APL C&W Seminar - Substitution and the End of Real Estate
Throughout history there have been no substitutes for real estate – until now! As our world insidiously moves to one where digital services and products dominate, so the ability of consumers, employees and the public to carry out activities that don’t require real estate increases. We are seeing evidence of this in the impact of e-commerce on the retail sector; however, every type of real estate asset faces digital substitution threats. This spans from automation and telecommuting in place of the office, to online university courses, virtual GP appointments and digitally enabled just-in-time deliveries.
Why is this happening? Firstly, because digital products and services tend to be cheaper. In many instances, digital execution also offers consumers convenience. When you buy online, there is no need to drive into town, pay for parking and risk that the product you came to purchase isn’t in stock.
These
social trends affect the demand schedule. So how can the associated risks to value
be ameliorated?
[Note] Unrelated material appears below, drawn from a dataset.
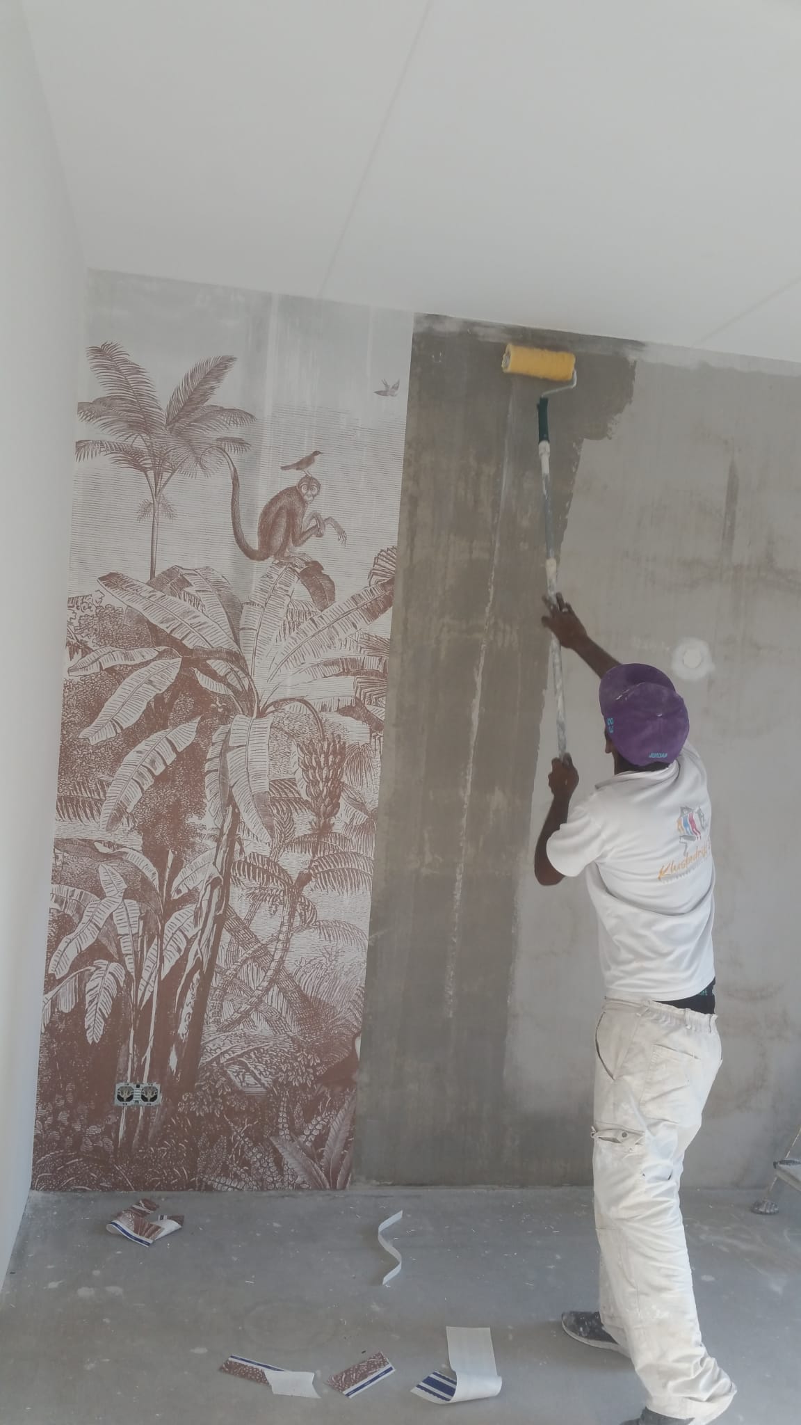 “Wij zijn heel blij met onze muren die gedaan zijn door Goelem en Mohammed met glasvlies behang en daarna is het in de gewenste kleur gemaakt.

Firstly, some assets have a high natural defence, because they
are underpinned by activities that can’t avoid the need for real estate.
Residential is an example – we will always need somewhere to sleep. A second
advantage comes from real estate which is underpinned by activities which are
more enriching when carried out in the real world. This start with exciting
venues like restaurants, theme parks and cultural attractions. However, the
recent trend has been towards operators taking these same experiences and
applying them in more mundane environments such as shopping centres and the
workplace.
As
the importance of experience-led real estate increases, so landlords will be
challenged to create differentiation through service provision, placemaking and
shifting their business models from real estate investment to real estate
operation. This will have significant implications for the income and risk
profile of assets, as well as an increased importance of brand and intangible
property in overall asset value. Looking forwards, lenders will need to take a
more nuanced view of income risk and customer selection when considering a
property’s suitability as security. This starts with having the right data and
advice, combined with a vision for how the world might change.